◆ DATA FOR ANALYSIS ◆

○ ○ ○ ○

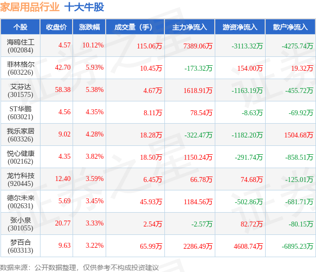 个股表现方面,家居用品行业当日领涨股为海鸥住工(002084),该股当日报收4.57,上涨10.12%,成交量115.06万,主力资金净流入7389.06万元。菲林格尔(603226)以上涨5.93%紧随其后,该股当日成交量10.45万,主力资金净流出173.32万元。除此之外,艾芬达(301575)、ST华鹏(603021)、我乐家居(603326)均进入当日牛股之列。具体个股列表见下表:
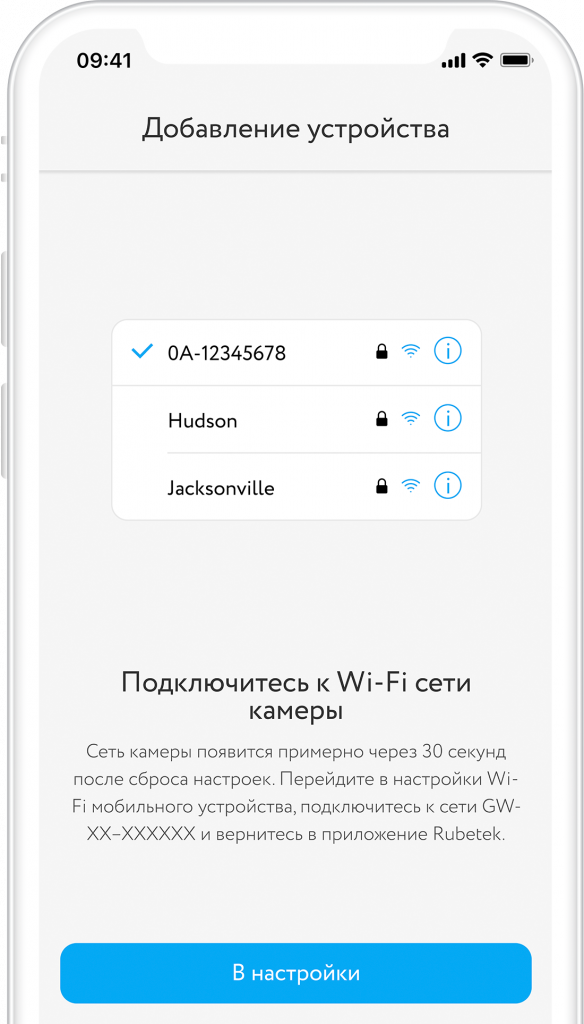 c. дождитесь появления сети Камеры, её название будет выглядеть примерно так: 0A-12345678;
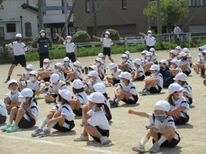 今日は運動会の全体練習を行いました。暑さ指数(WBGT)を確認し、熱中症予報も「ほぼ安全」、さあ、短時間に集中してがんばろう!6年生は今まで考えてきた応援内容を下学年に伝えて、真剣に練習に励みました。フレーフレー、光陽っ子!!
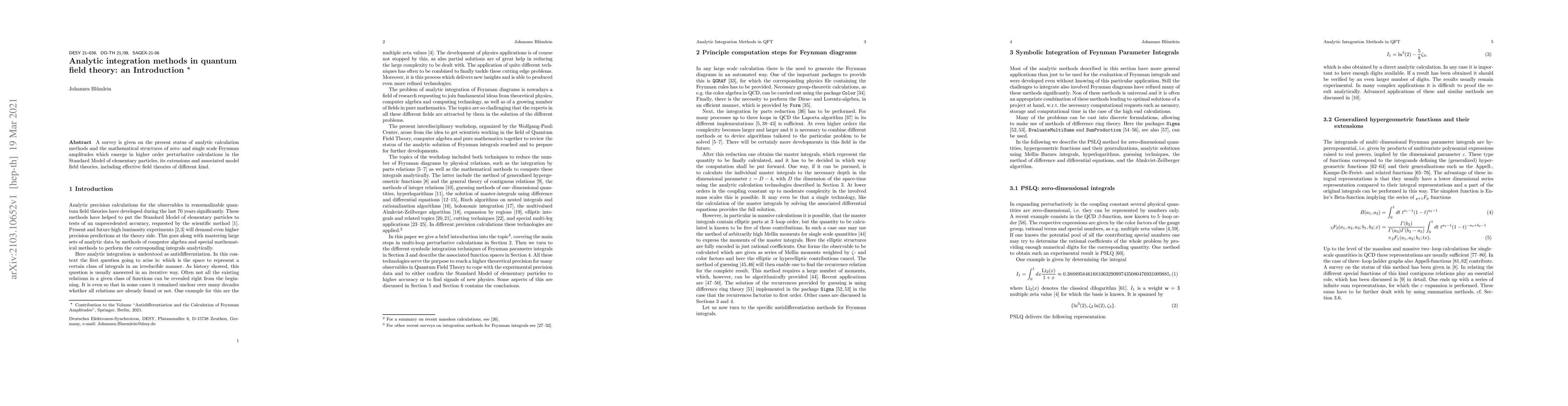 A survey is given on the present status of analytic calculation methods and the mathematical structures of zero- and single scale Feynman amplitudes which emerge in higher order perturbative calculations in the Standard Model of elementary particles, its extensions and associated model field theories, including effective field theories of different kind.
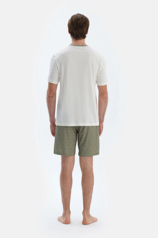 Ekru Kısa Kollu Tişört Şort Pijama Takımı
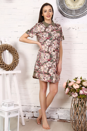 Халат женский полуприлегающаго силуэта с короткими рукавами. Сшит из кулирки. Застегивается на пуговицы. Длина халата выше колен.
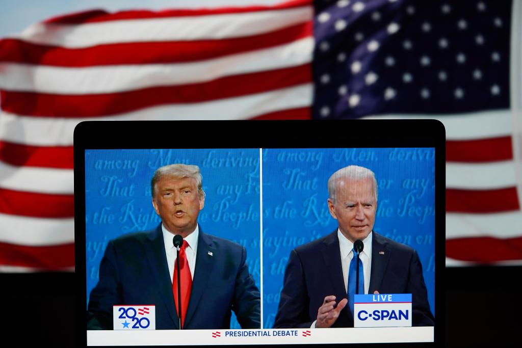 這張2020年10月22日在美國(guó)弗吉尼亞州阿靈頓拍攝的視頻畫(huà)面顯示,時(shí)任美國(guó)總統(tǒng)特朗普(左)與當(dāng)時(shí)的民主黨總統(tǒng)候選人拜登在田納西州納什維爾市參加最后一場(chǎng)總統(tǒng)候選人電視辯論。新華社記者劉杰攝
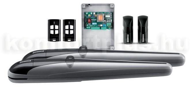 Beninca KIT-BOB30M kapumozgató szett kétszárnyas kapukhoz - max 3m/szárny - max 200kg/szárny - Végállás előtti lassítás - Gyalogos bejáró funkció - Áthaladás érzékelés A készlet tartalma: - 2db BOB30M csavarorsós motor (oldalfüggetlen) - 1db ECO 2 vezérlés, beépített 433MHz-es rádióvevővel, - 1 pár PUPILLA fotocella - 2db TO. GO4 4 csatornás, 433Mhz-es ugrókódos ad
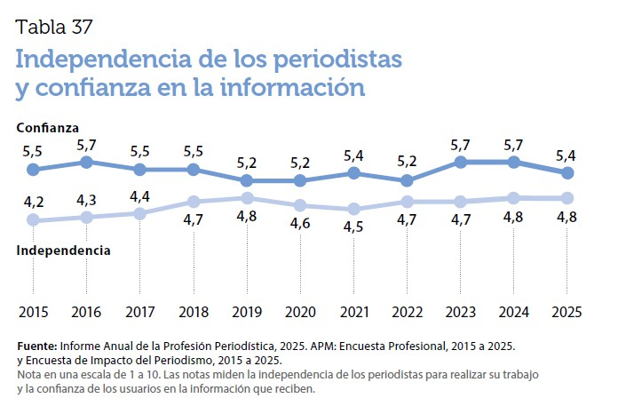 Según el ‘Informe Anual de la Profesión Periodística 2025’, los ciudadanos califican con un 5,4 la confianza en la información de los medios, la nota más baja desde 2022; y para los jóvenes, un colaborador no periodista de un medio (29%) y una fuente directa en redes sociales (28%) generan más credibilidad y confianza que los periodistas (23%).

○ ○ ○ ○

◆ TASK GOAL ◆
Print exactly, and only, the lines from the line containing "Халат женский полуприлегающаго" to the last line of the material above, with every picture left out.

◆ RESPONSE TO THE TASK ◆
 Халат женский полуприлегающаго силуэта с короткими рукавами. Сшит из кулирки. Застегивается на пуговицы. Длина халата выше колен.
 這張2020年10月22日在美國(guó)弗吉尼亞州阿靈頓拍攝的視頻畫(huà)面顯示,時(shí)任美國(guó)總統(tǒng)特朗普(左)與當(dāng)時(shí)的民主黨總統(tǒng)候選人拜登在田納西州納什維爾市參加最后一場(chǎng)總統(tǒng)候選人電視辯論。新華社記者劉杰攝
 Beninca KIT-BOB30M kapumozgató szett kétszárnyas kapukhoz - max 3m/szárny - max 200kg/szárny - Végállás előtti lassítás - Gyalogos bejáró funkció - Áthaladás érzékelés A készlet tartalma: - 2db BOB30M csavarorsós motor (oldalfüggetlen) - 1db ECO 2 vezérlés, beépített 433MHz-es rádióvevővel, - 1 pár PUPILLA fotocella - 2db TO. GO4 4 csatornás, 433Mhz-es ugrókódos ad
 Según el ‘Informe Anual de la Profesión Periodística 2025’, los ciudadanos califican con un 5,4 la confianza en la información de los medios, la nota más baja desde 2022; y para los jóvenes, un colaborador no periodista de un medio (29%) y una fuente directa en redes sociales (28%) generan más credibilidad y confianza que los periodistas (23%).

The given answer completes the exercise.